Non è il nostro un eterno precipitare? E all’indietro, di fianco, in avanti, da tutti i
lati? Esiste ancora un alto e un basso? Non stiamo forse vagando come
attraverso un infinito nulla? Non alita su di noi lo spazio vuoto? Non si è fatto piú
freddo? Non seguita a venire notte, sempre piú notte? Non dobbiamo accendere
lanterne la mattina? Dello strepito che fanno i becchini mentre seppelliscono Dio,
non udiamo dunque nulla? Non fiutiamo ancora il lezzo della divina putrefazione?

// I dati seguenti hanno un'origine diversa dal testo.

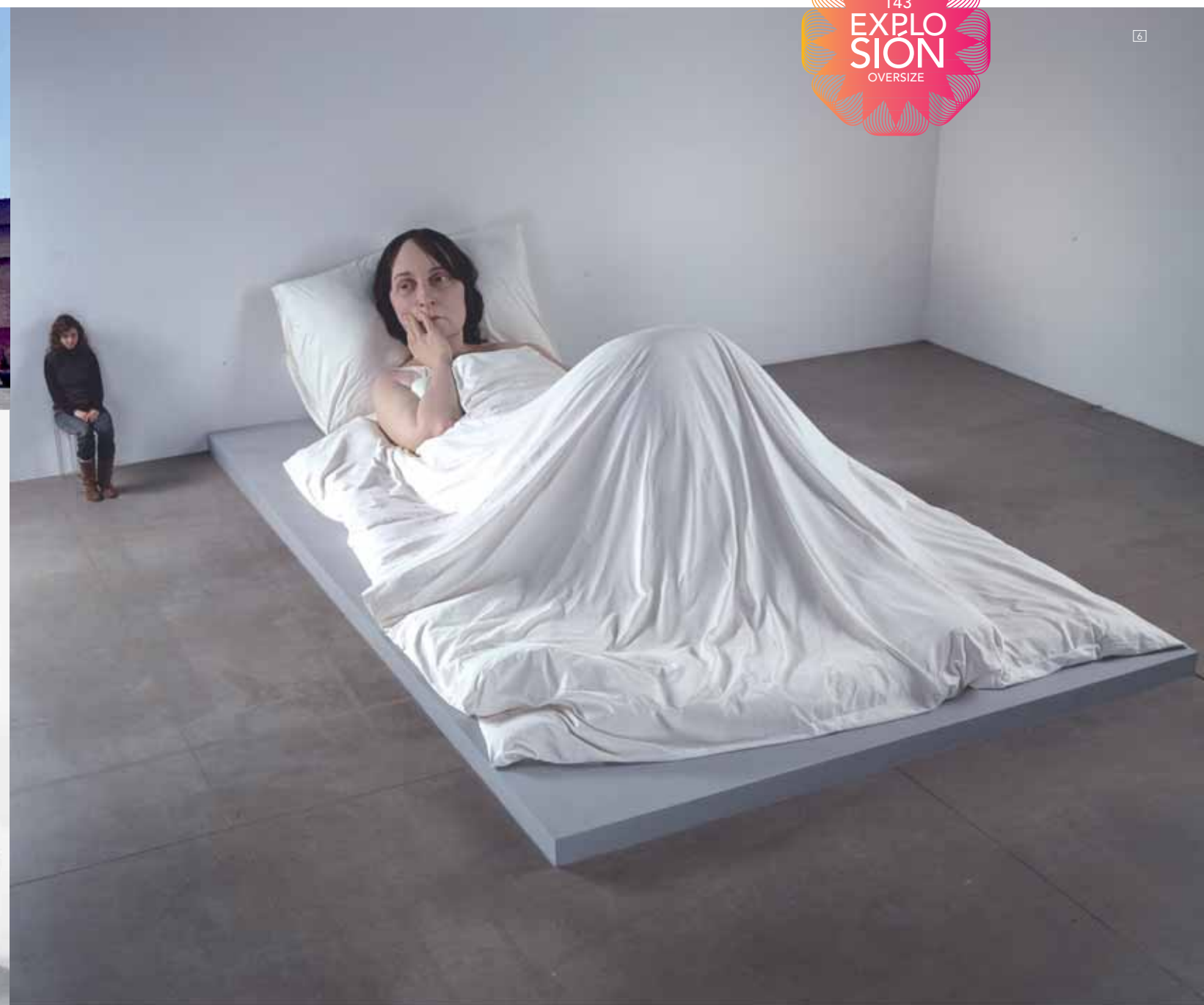
1/JENNIFER ALLORA Y GUILLERMO CALZADILLA "Hope Hippo", 2005. Viena de Venecia 2005 2/ANA PRADA "Objetos apropiados (monuments to fiddling) Anónimo. Tate Modern", 2003. Colección MUSAC 3/EMILIO PUCCI Pulsera Metacrilato. Colección Otoño Invierno 08/09. Foto: Estrop / Carles Cubos 4/MILA SCHON Gafas XXL Colección Otoño Invierno 08/09. Foto: Estrop / Carles Cubos 5/LOUIS VUITTON Zapatos Plataforma Colección Otoño Invierno 08/09. Foto: Estrop / Carles Cubos 6/RON MUECK "In Bed", 2005. Fondation Cartier pour l'art contemporain, Paris Foto: Anthony d'Offay, London.

Anche gli dèi si decompongono! Dio è morto! Dio resta morto! E noi lo abbiamo
ucciso! %
Come ci consoleremo noi, gli assassini di tutti gli assassini? Quanto di piú sacro e di
piú possente il mondo possedeva fino ad oggi, si è dissanguato sotto i nostri
coltelli; chi detergerà da noi questo sangue? Con quale acqua potremmo noi
lavarci? Quali riti espiatòri, quali giochi sacri dovremo noi inventare? Non è troppo
grande, per noi, la grandezza di questa azione? Non dobbiamo noi stessi diventare
dèi, per apparire almeno degni di essa? Non ci fu mai un’azione piú grande: tutti
coloro che verranno dopo di noi apparterranno, in virtú di questa azione, ad una
storia piú alta di quanto mai siano state tutte le storie fino ad oggi!”. A questo punto
il folle uomo tacque, e rivolse di nuovo lo sguardo sui suoi ascoltatori: anch’essi
tacevano e lo guardavano stupiti. Finalmente gettò a terra la sua lanterna che andò
in frantumi e si spense. “Vengo troppo presto – proseguí – non è ancora il mio
tempo. Questo enorme avvenimento è ancora per strada e sta facendo il suo
cammino: non è ancora arrivato fino alle orecchie degli uomini. Fulmine e tuono
vogliono tempo, il lume delle costellazioni vuole tempo, le azioni vogliono tempo,
anche dopo essere state compiute, perché siano vedute e ascoltate. Quest’azione
è ancora sempre piú lontana da loro delle piú lontane costellazioni: eppure son loro
che l’hanno compiuta!”. Si racconta ancora che l’uomo folle abbia fatto irruzione,
quello stesso giorno, in diverse chiese e quivi abbia intonato il suo Requiem
aeternam Deo. Cacciatone fuori e interrogato, si dice che si fosse limitato a
rispondere invariabilmente in questo modo: “Che altro sono ancora queste chiese,
se non le fosse e i sepolcri di Dio?”.